Hacker News new | ask | show | jobs
by bigtimegames 1871 days ago
Sure why not -- I mean redshift is a cluster of Postgres databases as well. What you don't get is scale -- so its fine for a small data warehouse (in which case is it really a data warehouse...)
1 comments

I am not sure I agree with the general idea that Postgres can't or even--albeit a bit less strongly--that it is hard to scale. Even in 2008 people were running petabyte-scale warehouses using Postgres:

https://www.toolbox.com/tech/data-management/blogs/2-petabyt...

Since 2008 improvements in parallel query execution (and numerous other improvements) in the core project plus the availability of forks/extensions which abstract and/or modify various bits for improving scalability (see Citus and Timescale) it's never been easier to scale Postgres to some truly staggering heights.

While I wouldn't want to speak in absolutes, there are very few applications where I think Postgres wouldn't be a viable choice as a data warehouse.

Emphasis on warehouse as I wouldn't want to suggest Postgres as an ideal candidate to be a data lake. The difference between them for me being whether or not the data is structured/processed.

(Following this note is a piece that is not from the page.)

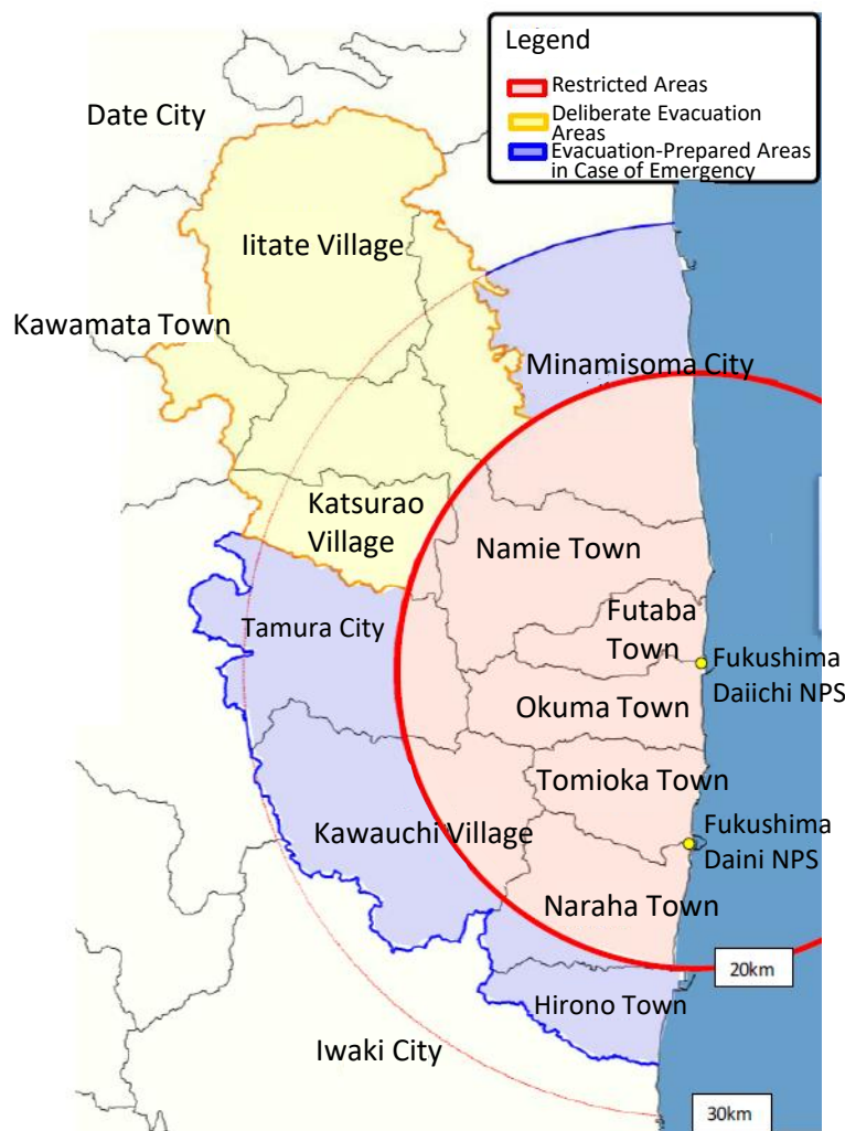
As of April 22, 2011 (when the designation of areas immediately after the accident was completed)

Prepared based on the 15th meeting of the Nuclear Emergency Response Headquarters (May 17, 2011) and the 31st meeting of the Nuclear Emergency Response Headquarters (August 7, 2013), etc.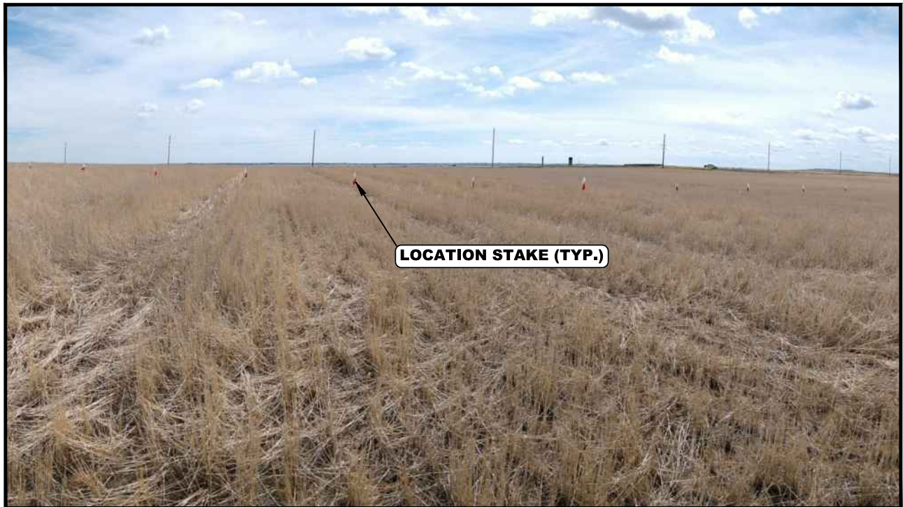
PHOTO: VIEW OF PROPOSED LOCATION

Similar in definition to this article:

https://medium.com/@distillerytech/data-warehouse-vs-data-la...

Personally, I have experience scaling core PostgreSQL (9.4) to handle ingestion of monitoring data for web servers to the tune of 2-3 terabytes a day. Not the grandest of scales, but enough to have seen a few bumps along the way...and, for what it's worth, I think it is surprisingly easy to scale.

I wouldn't want to sign up to scale Postgres to handle exabyte data loads, but single digit petabytes? Sure.

https://techcommunity.microsoft.com/t5/azure-database-for-po...

And at petabyte-scale, I personally think it qualifies as a data warehouse.